Euro zone banking stocks featured among the top gainers, with Bankia up 4.6%, Banco Popolare up 3.4% and Credit Agricole up 3.6%.
Recent comments by European officials including ECB chief Mario Draghi have sparked expectation that the bank would take steps to lower the cost of borrowing of Spain and Italy when it meets on Thursday, triggering a sharp recovery rally in equities over the past few sessions.
However, other investors doubted that ECB policymakers would deliver in line with market expectations this week, given Germany’s Bundesbank still opposes a resumption of the bond-buying programme, seen as crucial to capping Spanish and Italian borrowing costs.

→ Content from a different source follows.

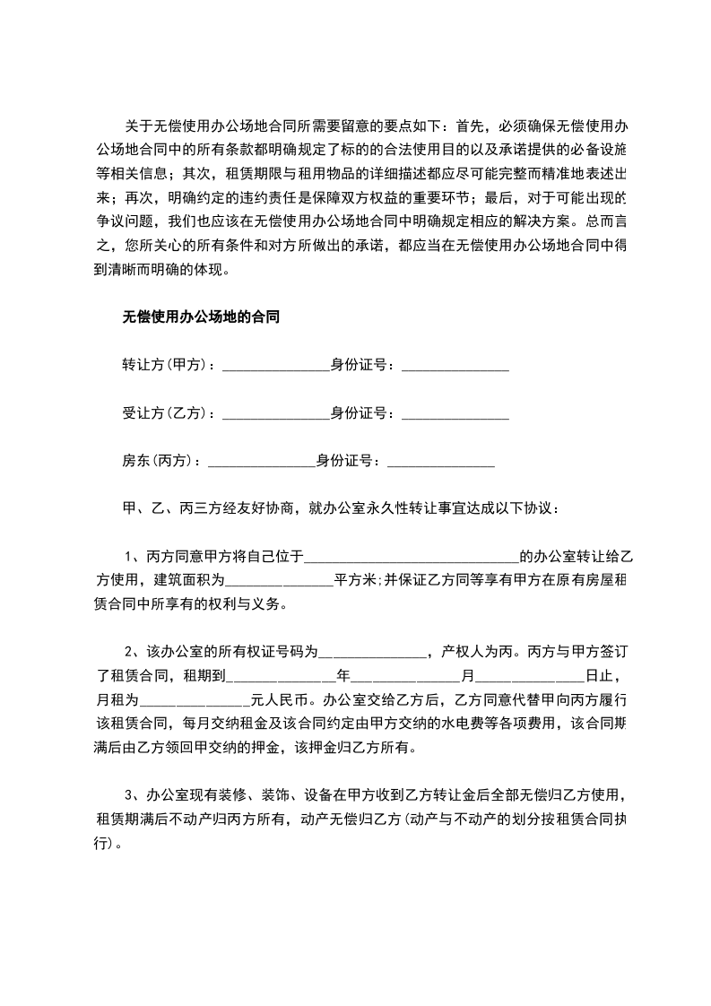 第三条 乙方可将上述场地作办公等用途,未经甲方书面同意,不得改变用途,亦不得转让场地使用权。乙方保证在上述场地使用过程中的行为符合法律、法规要求,符合国家环境保护、消防安全、劳动卫生等标准。

“Markets have reached a point that has priced in action by the ECB. This sets up a situation where Draghi will now have to back his words with action or we could see markets tumble quicker than they rallied,” GFT market strategist Andrew Taylor said.
At 2:23pm, the FTSEurofirst 300 index of top European shares was up 0.6% at 1,062.62 points, after rising to as high as 1,066.59 points, a level last seen in early April. The index has surged 4.4% in three sessions.
The euro zone’s Euro STOXX 50 index was up 0.4% at 2,311.07 points. The blue chip index gained as much as 1.2% in early trade and tested a key resistance level, its 200-day moving average, at 2,323.
But the index was capped by another major resistance level at 2,331, representing the 50% retracement of the March-to-June slide.
The recovery in investors’ appetite for risky assets such as equities was also reflected in the put/call ratio on the Euro STOXX 50 which fell to a one-month low of 0.57, according to data from the Eurex exchange.
Signs of a shift in investors’ mood was also emerging from last week’s fund flow data from EPFR Global.
The data showed Europe equity funds recorded overall outflows for the third straight week, with retail redemptions on the rise, but institutional investors committed money to these funds for the fifth time in the past six weeks, data showed.
Around Europe, UK’s FTSE 100 index was up 0.3%, Germany’s DAX index up 0.3%, and France’s CAC 40 up 0.4%.
But despite the sharp three-day rally in stocks, the macro backdrop remains grim, with data showing on Monday Spain sinking deeper into recession in the second quarter.
On the earnings front, Air France-KLM surged 12% after saying it has halved its operating loss on improved passenger activity.